HomeInsightsKPIs in AI. How to Measure What You Want to See.

What happens when kpis in ai meets AI?

Anatomy of a KPI designed for the result What happened here? Three mechanisms worth naming - but more important is learning to recognize them in action. Mechanism 1: Goodhart's…

KPIs in AI. How to Measure What You Want to See.

What's worth measuring in an AI project and what isn't

A small, subjective list. Based on what's given me trouble.

Worth measuring early Not worth measuring at MVP stage
Input data quality Project ROI
Adoption rate - are people actually using it? Cost-per-query in production
Decision time (before vs. after AI) Model accuracy in isolation from context
Number of errors caught by users NPS after one week
Time needed to fix a model error Comparison with competitors' solutions

This list is subjective and depends on project stage and system type. What makes sense at pilot stage may be a poor metric in a mature production system - and vice versa.

Why is ROI a bad metric at MVP stage? Because an MVP is a hypothesis. You're measuring the ROI of a hypothesis before you know whether the hypothesis is true. That's like rating a restaurant based on the first dish out of the test kitchen.

Adoption rate is an often undervalued metric. Don't ask "how many times was the model called." Ask "how many times did a user actually act on the model's output." Those are different numbers.

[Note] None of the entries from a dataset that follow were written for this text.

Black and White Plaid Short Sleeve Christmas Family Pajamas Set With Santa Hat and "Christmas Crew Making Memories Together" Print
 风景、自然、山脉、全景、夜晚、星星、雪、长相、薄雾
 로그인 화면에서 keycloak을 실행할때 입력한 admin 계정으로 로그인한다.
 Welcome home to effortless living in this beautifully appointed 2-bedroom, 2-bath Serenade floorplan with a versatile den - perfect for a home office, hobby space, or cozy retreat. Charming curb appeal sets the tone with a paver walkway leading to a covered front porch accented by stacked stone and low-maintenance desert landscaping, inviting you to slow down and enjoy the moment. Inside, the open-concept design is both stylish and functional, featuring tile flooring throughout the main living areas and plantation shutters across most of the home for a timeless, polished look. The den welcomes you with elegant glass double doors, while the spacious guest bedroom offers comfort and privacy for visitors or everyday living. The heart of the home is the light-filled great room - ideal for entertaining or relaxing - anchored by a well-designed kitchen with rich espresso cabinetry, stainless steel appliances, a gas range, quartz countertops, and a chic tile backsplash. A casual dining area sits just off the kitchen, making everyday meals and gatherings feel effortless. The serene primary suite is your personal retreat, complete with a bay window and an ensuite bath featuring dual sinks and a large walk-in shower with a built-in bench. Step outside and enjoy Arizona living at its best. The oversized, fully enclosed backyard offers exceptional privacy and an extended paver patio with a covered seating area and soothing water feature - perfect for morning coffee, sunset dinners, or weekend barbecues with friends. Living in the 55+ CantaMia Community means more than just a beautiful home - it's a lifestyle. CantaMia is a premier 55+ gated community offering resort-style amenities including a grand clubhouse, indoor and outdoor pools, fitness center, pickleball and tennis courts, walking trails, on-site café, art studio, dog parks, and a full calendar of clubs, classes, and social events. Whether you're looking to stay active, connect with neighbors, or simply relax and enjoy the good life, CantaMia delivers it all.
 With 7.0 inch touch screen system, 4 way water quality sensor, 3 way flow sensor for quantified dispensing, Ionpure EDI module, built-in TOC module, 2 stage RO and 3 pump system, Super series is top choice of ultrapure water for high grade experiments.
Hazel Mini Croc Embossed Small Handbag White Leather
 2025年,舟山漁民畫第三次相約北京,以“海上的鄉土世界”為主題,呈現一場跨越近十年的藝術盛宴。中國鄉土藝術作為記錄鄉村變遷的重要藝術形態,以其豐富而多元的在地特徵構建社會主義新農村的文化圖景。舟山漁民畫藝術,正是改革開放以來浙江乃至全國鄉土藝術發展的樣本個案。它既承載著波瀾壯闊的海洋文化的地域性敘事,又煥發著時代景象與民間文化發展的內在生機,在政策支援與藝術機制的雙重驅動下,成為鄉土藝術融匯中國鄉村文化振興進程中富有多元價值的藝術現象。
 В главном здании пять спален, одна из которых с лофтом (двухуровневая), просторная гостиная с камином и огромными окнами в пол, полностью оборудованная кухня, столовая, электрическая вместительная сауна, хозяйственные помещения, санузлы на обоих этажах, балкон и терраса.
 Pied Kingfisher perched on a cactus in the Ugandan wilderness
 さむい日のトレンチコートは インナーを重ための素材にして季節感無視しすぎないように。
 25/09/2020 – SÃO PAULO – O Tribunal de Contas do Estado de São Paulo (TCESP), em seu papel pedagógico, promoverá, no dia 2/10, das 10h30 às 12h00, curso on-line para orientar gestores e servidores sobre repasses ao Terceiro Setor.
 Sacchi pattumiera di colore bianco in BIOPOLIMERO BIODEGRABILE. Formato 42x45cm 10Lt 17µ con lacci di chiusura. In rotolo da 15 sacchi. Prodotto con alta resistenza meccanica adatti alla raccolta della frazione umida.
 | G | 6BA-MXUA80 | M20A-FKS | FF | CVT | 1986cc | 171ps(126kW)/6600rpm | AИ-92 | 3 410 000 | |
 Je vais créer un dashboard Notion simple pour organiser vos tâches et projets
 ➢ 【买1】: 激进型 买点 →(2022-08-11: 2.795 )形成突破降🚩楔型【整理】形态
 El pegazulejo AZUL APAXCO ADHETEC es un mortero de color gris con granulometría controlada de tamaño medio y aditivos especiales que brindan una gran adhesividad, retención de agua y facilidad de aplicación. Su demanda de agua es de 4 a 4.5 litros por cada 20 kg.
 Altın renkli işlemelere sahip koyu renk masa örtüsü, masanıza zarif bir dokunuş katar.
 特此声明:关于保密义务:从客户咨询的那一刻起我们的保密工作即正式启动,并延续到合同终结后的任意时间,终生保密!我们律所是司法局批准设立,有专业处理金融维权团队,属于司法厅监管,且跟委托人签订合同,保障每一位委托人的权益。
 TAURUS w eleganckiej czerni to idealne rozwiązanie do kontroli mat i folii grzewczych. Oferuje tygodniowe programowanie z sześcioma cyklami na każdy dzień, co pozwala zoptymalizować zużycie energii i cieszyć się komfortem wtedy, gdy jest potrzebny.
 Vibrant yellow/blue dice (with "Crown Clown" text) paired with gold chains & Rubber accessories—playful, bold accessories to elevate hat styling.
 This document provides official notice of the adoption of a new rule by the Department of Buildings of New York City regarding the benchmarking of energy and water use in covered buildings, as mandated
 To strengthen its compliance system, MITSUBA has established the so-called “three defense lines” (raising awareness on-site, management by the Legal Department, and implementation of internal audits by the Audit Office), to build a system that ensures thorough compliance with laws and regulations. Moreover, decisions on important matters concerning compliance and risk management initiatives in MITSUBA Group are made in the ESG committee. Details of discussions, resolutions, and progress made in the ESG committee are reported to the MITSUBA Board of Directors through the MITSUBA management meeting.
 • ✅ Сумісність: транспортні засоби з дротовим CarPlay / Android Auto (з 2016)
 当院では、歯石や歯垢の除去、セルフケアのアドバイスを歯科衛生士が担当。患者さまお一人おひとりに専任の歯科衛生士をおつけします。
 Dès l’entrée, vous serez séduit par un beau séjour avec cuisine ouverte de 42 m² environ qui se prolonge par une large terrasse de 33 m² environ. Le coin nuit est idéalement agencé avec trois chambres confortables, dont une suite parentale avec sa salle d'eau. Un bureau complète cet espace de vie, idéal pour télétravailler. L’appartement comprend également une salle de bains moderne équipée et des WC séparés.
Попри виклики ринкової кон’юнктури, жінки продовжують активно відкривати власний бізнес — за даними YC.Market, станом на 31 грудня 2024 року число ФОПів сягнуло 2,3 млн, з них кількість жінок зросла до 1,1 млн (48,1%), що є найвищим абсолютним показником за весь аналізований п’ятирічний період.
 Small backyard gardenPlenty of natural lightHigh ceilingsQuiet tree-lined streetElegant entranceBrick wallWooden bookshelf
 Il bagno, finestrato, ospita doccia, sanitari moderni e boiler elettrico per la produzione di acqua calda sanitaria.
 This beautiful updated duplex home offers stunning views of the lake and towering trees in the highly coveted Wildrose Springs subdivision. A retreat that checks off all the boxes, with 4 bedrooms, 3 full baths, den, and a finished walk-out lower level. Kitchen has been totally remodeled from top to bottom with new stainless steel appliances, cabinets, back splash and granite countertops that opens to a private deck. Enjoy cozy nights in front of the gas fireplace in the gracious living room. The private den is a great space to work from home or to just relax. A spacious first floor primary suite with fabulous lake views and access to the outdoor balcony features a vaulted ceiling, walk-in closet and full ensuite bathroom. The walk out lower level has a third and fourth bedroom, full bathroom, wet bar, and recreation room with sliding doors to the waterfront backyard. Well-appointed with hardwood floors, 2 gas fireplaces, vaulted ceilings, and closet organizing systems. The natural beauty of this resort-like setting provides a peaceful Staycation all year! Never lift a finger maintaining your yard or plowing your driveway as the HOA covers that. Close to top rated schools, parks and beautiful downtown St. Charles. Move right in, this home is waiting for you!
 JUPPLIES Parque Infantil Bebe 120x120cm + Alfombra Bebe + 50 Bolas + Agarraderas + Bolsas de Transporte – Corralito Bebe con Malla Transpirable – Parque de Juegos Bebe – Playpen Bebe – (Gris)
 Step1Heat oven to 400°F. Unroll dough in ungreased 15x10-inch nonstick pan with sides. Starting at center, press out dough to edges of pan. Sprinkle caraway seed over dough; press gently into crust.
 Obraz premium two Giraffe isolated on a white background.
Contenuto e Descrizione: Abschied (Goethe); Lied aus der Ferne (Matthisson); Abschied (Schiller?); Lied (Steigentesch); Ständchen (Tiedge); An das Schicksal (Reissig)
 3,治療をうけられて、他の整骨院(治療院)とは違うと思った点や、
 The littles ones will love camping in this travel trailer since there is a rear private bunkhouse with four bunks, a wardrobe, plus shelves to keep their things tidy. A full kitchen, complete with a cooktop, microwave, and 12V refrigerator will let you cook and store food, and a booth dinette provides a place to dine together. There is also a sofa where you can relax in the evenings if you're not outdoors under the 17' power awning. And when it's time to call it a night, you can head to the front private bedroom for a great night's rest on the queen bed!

Sometimes very different.

What happens after the board presentation

Back to the company from the beginning of this article.

May. The presentation goes beautifully. All green KPIs. The board is delighted. The project gets funding. Goes to production.

June. Users start complaining. The model makes errors nobody planned for in the KPIs. Because the KPIs didn't measure errors. They measured response speed.

July. The first serious incident. The model suggested the wrong category in the classification system. Three weeks of manual corrections.

August. The project manager is surprised. "But the KPIs were good." They still are. That's exactly the problem.

December. The annual report. The AI project described as "in stabilization." That's a euphemism. Technical debt. Data quality issues nobody measured in May. Six months later, things that were visible from the start - but nobody wanted to see them.

This isn't a hypothetical. It's a scenario I've watched play out in different variations several times.

How to design KPIs to learn, not just to win

Three principles I use in practice.

Principle 1: Ask "what do we want to find out?", not "how do we look good?"

Before every metric, ask one question: what does this number tell us about whether we're doing the right thing? If it can't answer that question - remove it from the dashboard.

Example: "Model response time" tells us nothing about whether we're doing the right thing. "Percentage of users who acted on the model's recommendation" - that does.

Principle 2: Measure early and ugly

An ugly metric measured early is better than a clean metric measured too late. Don't wait for production. Measure during the pilot. Even if the data is incomplete.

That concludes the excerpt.